**Problem requirements:**
Would you reproduce, without any alteration, the lines from the opening line of the entries through the line that has "近日,住房和城乡建设部公布了" in it?

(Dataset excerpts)
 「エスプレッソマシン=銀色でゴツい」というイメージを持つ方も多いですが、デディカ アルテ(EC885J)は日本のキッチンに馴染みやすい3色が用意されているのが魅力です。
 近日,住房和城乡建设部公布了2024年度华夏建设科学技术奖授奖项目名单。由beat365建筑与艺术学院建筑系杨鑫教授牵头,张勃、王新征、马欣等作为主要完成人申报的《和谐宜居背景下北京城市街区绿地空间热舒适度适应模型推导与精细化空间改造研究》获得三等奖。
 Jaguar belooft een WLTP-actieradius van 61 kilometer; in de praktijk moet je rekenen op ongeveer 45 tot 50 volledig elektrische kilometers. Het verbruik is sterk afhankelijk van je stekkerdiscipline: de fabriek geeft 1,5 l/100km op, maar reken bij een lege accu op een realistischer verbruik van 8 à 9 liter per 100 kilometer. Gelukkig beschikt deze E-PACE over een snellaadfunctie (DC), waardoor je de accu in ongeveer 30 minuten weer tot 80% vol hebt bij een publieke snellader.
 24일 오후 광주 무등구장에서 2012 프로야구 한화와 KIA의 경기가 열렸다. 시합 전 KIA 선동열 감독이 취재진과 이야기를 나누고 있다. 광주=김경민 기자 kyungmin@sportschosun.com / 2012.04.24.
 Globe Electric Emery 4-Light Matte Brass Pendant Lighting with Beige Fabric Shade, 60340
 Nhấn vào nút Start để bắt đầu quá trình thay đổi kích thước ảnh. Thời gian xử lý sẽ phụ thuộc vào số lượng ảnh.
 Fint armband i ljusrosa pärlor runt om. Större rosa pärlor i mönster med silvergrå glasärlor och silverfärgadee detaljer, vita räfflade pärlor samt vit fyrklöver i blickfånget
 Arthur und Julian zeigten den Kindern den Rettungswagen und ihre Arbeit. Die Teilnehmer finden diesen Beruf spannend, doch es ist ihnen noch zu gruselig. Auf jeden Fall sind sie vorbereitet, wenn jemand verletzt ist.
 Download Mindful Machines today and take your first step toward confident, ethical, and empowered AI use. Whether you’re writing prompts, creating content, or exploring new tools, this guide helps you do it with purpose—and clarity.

**Solution to this exercise:**
 「エスプレッソマシン=銀色でゴツい」というイメージを持つ方も多いですが、デディカ アルテ(EC885J)は日本のキッチンに馴染みやすい3色が用意されているのが魅力です。
 近日,住房和城乡建设部公布了2024年度华夏建设科学技术奖授奖项目名单。由beat365建筑与艺术学院建筑系杨鑫教授牵头,张勃、王新征、马欣等作为主要完成人申报的《和谐宜居背景下北京城市街区绿地空间热舒适度适应模型推导与精细化空间改造研究》获得三等奖。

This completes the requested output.